Visa, MC Joining Forces on Triple DES Certification

Visa International and MasterCard International have signed an agreement designed to ease the expense of certifying automated teller machine PIN pads as compliant with the Triple Data Encryption Standards.

The two networks say they will work together to test PIN pads to certify that they conform to U.S. and international standards of Triple DES. Consequently, ATM manufacturers will not have to undergo certification twice. The agreement was announced last week.

Visa, of Foster City, Calif., and MasterCard, of Purchase, N.Y., had previously agreed on little when it comes to Triple DES deadlines, and that disagreement has confused and angered some ATM manufacturers.

The decision to standardize PIN-pad certification does not settle the issue of when the procedure should be completed. Visa has a July 1 deadline, but MasterCard has not set one. Instead, it has focused on a April 1 deadline for overall Triple DES compliance - which Visa has not issued.

To complicate matters further, some MasterCard members have already requested and received a postponement of the April 1 deadline to December 2005.

Visa's July 1 deadline requires all newly deployed PIN pad models to be tested and passed by a Visa-recognized laboratory. Until that date, ATM makers are allowed to self-certify their PIN pads as capable of encryption.

Tim Boccia, a director of ATM products for Visa U.S.A., said the PIN pad test covers more security checks than encryption. "Triple DES is only one component." Another is ensuring that the pad is tamper-resistant.

Visa has made three laboratories available to ATM manufacturers for PIN pad certification, one in San Luis Obispo, Calif., another in Germany, and the third in the Netherlands.

There has been some grumbling in the industry about too many manufacturers and not enough labs or enough time to complete the testing, but executives for Diebold Inc. of North Canton, Ohio, NCR Corp. of Dayton, NexTran Industries Inc. of South Hackensack, N.J., and the Cincinnati reseller ATM Exchange said they expect to meet the July 1 deadline without any holdups to their sales.

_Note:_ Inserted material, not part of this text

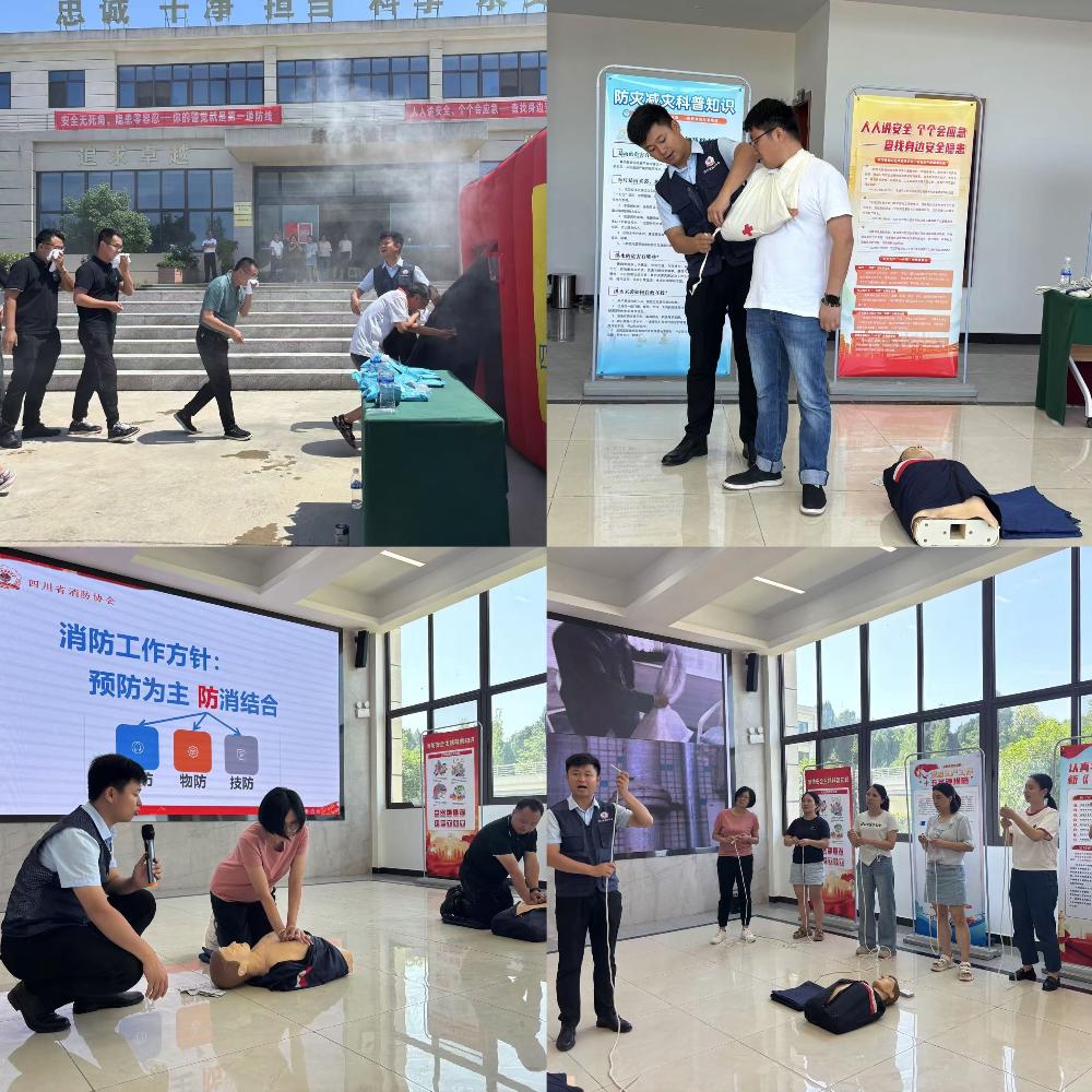 省消防协会科普委主任级讲师详细讲解八字结、多个单结、双平结、坐膝悬垂结等多种绳索打结方式及其在固定、连接、逃生等不同场景的适用要点;系统演示不同部位受伤处三角巾止血包扎具体操作步骤;分步教学心肺复苏步骤,从判断意识和呼吸、胸外按压、开放气道到人工呼吸,强调按压深度、频率及通气量等操作要点;不同灭火器的使用场景等。参演人员积极参与到各项技能的实操演练中,有效提升了在突发安全事件中的自救互救能力。

MasterCard does not have a deadline for requiring all PIN pads to be certified, but it is a moot point for manufacturers, because most ATMs accept both Visa and MasterCard transactions. Nevertheless, MasterCard's agreement with Visa will help eliminate concerns that manufacturers would have to test their PIN pads again at a later date.

John Schettino, a vice president of security risk management services for MasterCard, said it may also permit manufacturers to use additional labs - ones they are more familiar with - to ensure that the PIN pads are certified in a timely manner.

"I don't like to get hung up on the short-term timelines," he said. "We look more toward" the overall compliance deadline.

Mr. Boccia said that feedback from many financial institutions suggests that MasterCard's compliance deadline will be too difficult to make. Visa is working with its members to come up a sensible timeline, which would come out within the next 12 months, he said.

"We don't want to put dates out there and receive a lot of variance requests and postpone dates that aren't realistic," he said.

Just how many of the vendors have received an extension from MasterCard is in dispute. Mr. Schettino said the number is "less than 1%." Nearly all the machines in Europe, for example, have been converted already. Latin American countries are further behind in compliance, while the United States is somewhere in the middle.